*Assignment*: The required output is the exact text of the lines from the line containing "予想通り雪道を歩くことに。でもみんなこの景色にわくわく🥰" through the final line below, inclusive, without pictures.

*Record excerpts*:
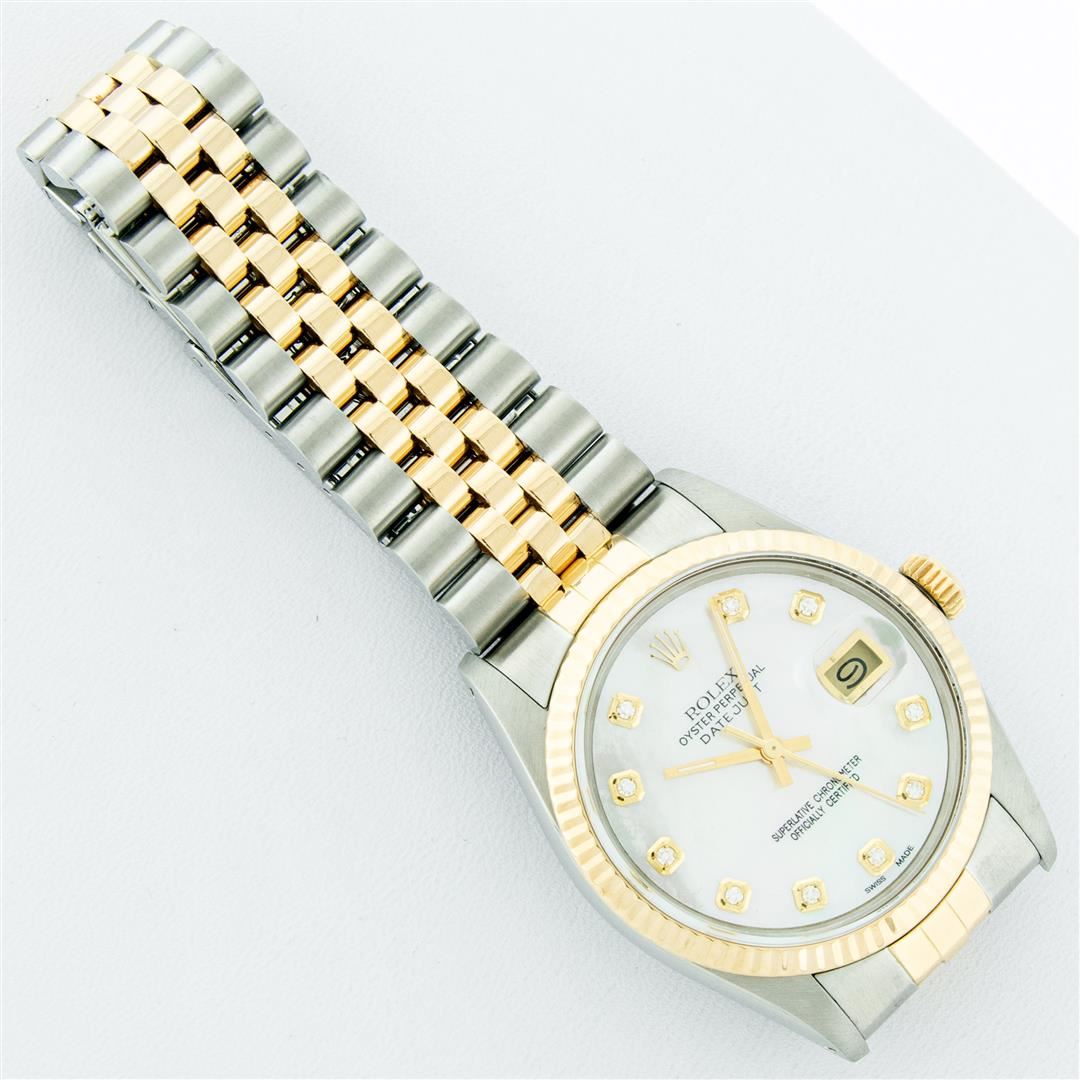 One Mens Pre Owned Yellow Gold Two Tone Rolex Datejust Polished, Serviced & Electronically Tested, Rolex Yellow Gold & Stainless Steel Case: 36mm, Rolex Yellow Gold Crown, Rolex Bezel: 18K Yellow Gold Fluted Bezel. Custom Crystal: New Acrylic Cyclops Lens. Custom Hands: New Hands. Rolex Movement: Automatic Winding Movement. Custom Dial: Refinished To Mother Of Pearl Dial With Added Diamond Hour Markers, Diamond Count: 10 Diamonds in Dial G To H In Color, VS Clarity. Date Window: 3 O'Clock Position Date Display, Quickset, Model: Condition: G-6 Extra Fine. Rolex Bracelet: Two Tone Yellow Gold & Stainless Steel Jubilee Band. Bright Polish. 7.0 Inch Length, Adjustable. Standard Clasp, With Rolex Logo. Watch Has Been Serviced And Polished It Is Free Of All Scratches And Dents. This Watch Has Been Serviced Time Tested And Is In Excellent Condition It Is Free Of All Scratches And Dents.
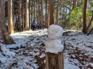 予想通り雪道を歩くことに。でもみんなこの景色にわくわく🥰
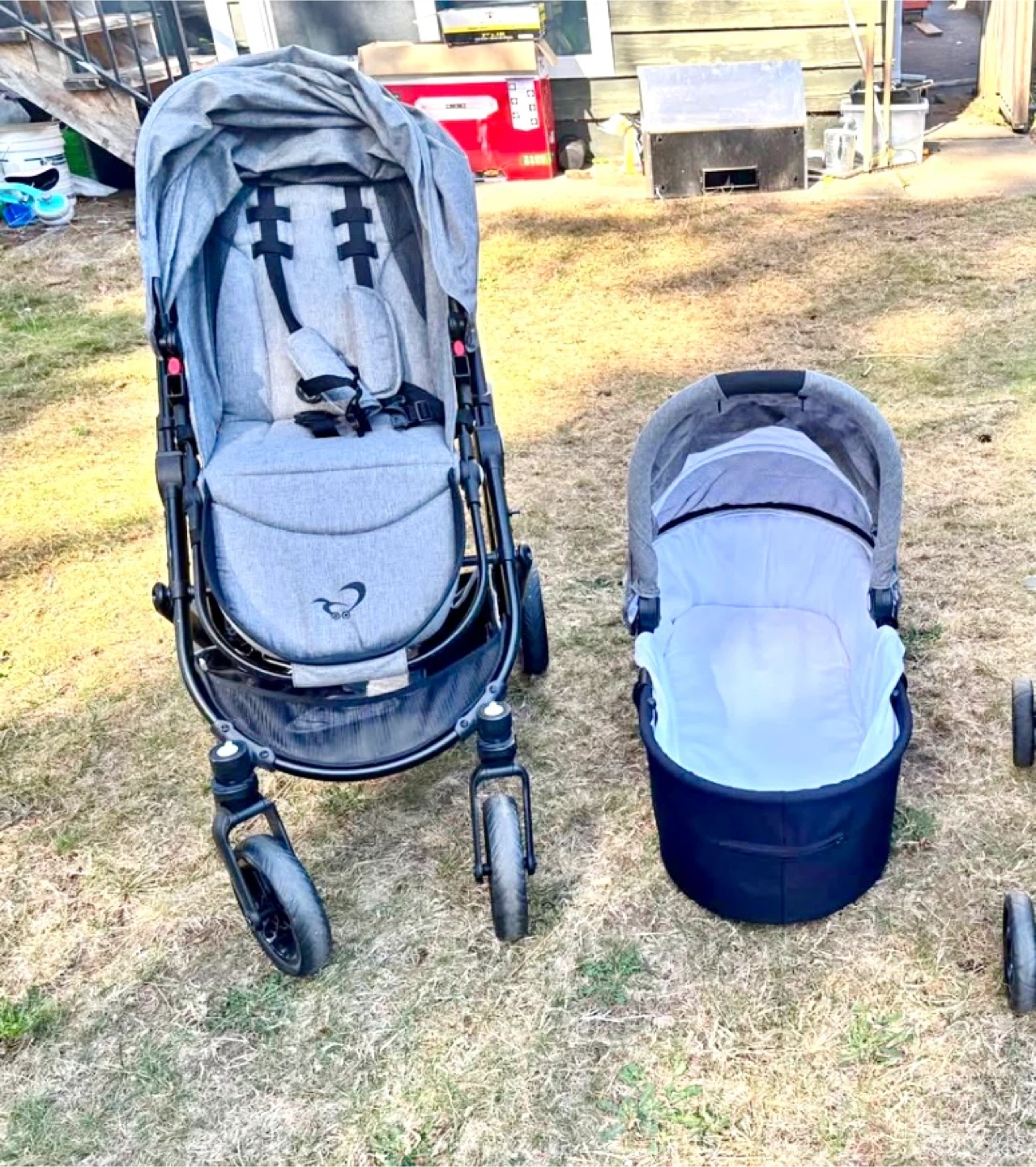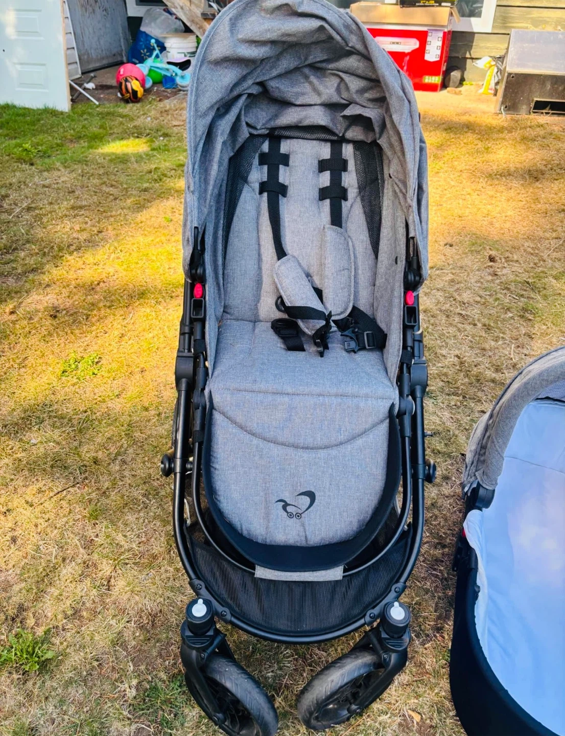 Selling cosmos stroller that comes with a bassinet. It's in great condition and ready for a new family! The stroller is a stylish grey colour, perfect for strolling around town or going for walks in the park. I used only a month so its like brand new.
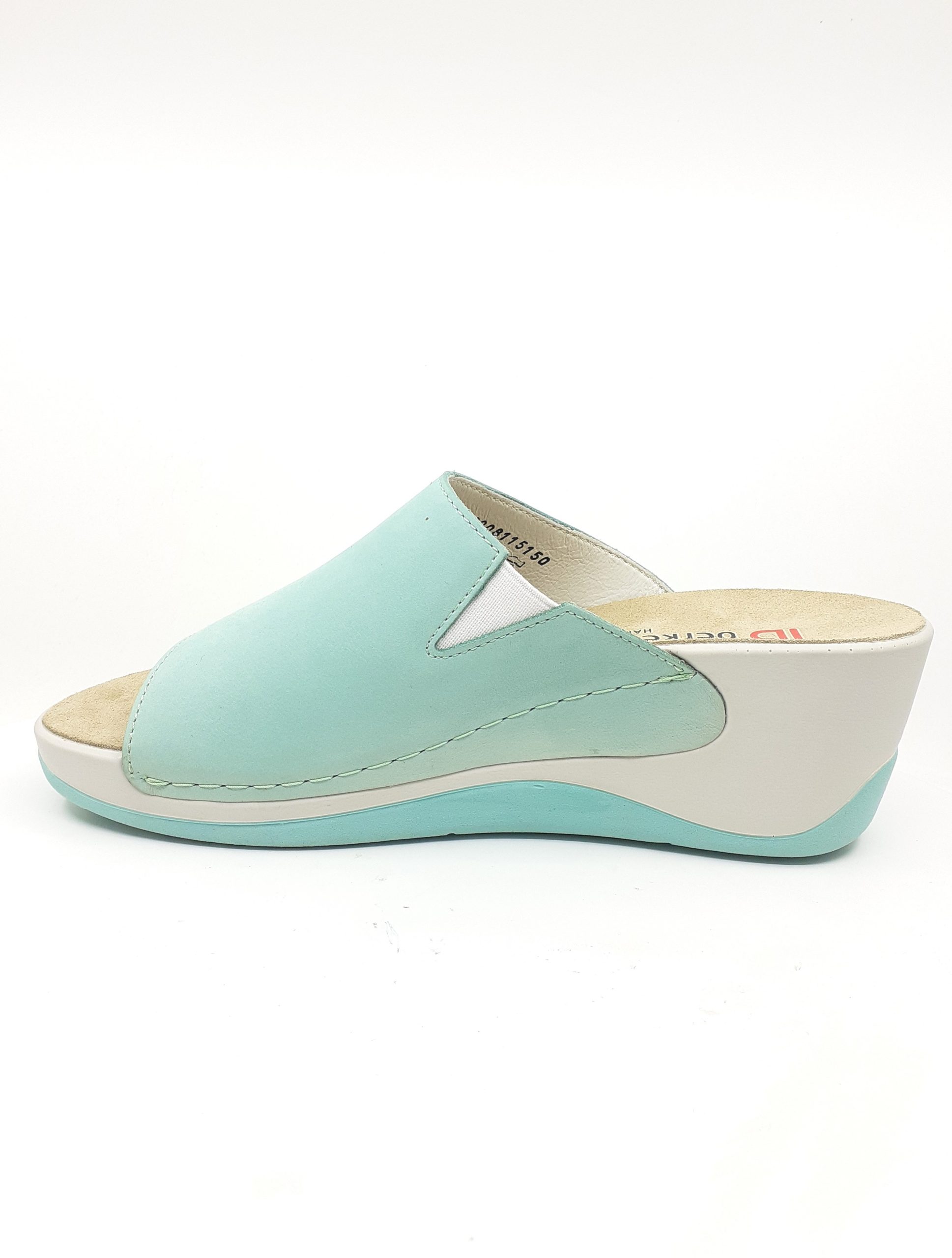 Klapki BERKEMANN Saphira 01200-811 zielony to damskie buty na wysokim koturnie wykonane ze skóry nubukowej. Z boku wszyta jest gumka, pomaga ona dopasować tęgość buta do nogi. Wkładka skórzana, profilowana z możliwością wyjęcia i zastąpienia wkładką indywidualną. Jest też możliwość dokupienia oryginalnej wkładki na wymianę. Podeszwa wykonana z wysokogatunkowego tworzywa, wysokość podeszwy z przodu 3cm, wysokość obcasa 6,5cm. W ofercie sklepu mamy też buty na haluksy.
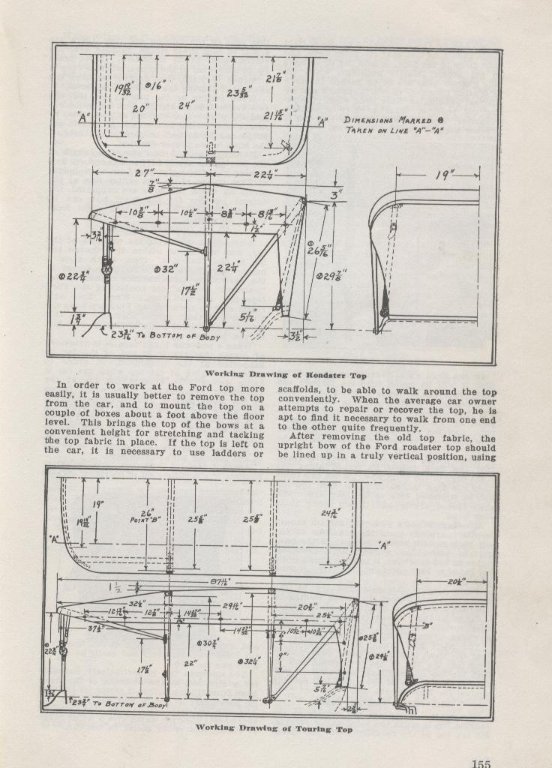 What Ken says seems to be very good idea. If you have existing side curtains, be sure they will fit correctly. Also the overhang on the windshield is determined by the pillars and the brackets on the front bow. An important thing about the rear bow is that it be the same distance above the back of the body on each side so it will look straight regardless of which way the frame might sag of lean while driving. Also check the fit of the rear panel before you trim anything.

*Answer for the task*:
 予想通り雪道を歩くことに。でもみんなこの景色にわくわく🥰
 Selling cosmos stroller that comes with a bassinet. It's in great condition and ready for a new family! The stroller is a stylish grey colour, perfect for strolling around town or going for walks in the park. I used only a month so its like brand new.
 Klapki BERKEMANN Saphira 01200-811 zielony to damskie buty na wysokim koturnie wykonane ze skóry nubukowej. Z boku wszyta jest gumka, pomaga ona dopasować tęgość buta do nogi. Wkładka skórzana, profilowana z możliwością wyjęcia i zastąpienia wkładką indywidualną. Jest też możliwość dokupienia oryginalnej wkładki na wymianę. Podeszwa wykonana z wysokogatunkowego tworzywa, wysokość podeszwy z przodu 3cm, wysokość obcasa 6,5cm. W ofercie sklepu mamy też buty na haluksy.
 What Ken says seems to be very good idea. If you have existing side curtains, be sure they will fit correctly. Also the overhang on the windshield is determined by the pillars and the brackets on the front bow. An important thing about the rear bow is that it be the same distance above the back of the body on each side so it will look straight regardless of which way the frame might sag of lean while driving. Also check the fit of the rear panel before you trim anything.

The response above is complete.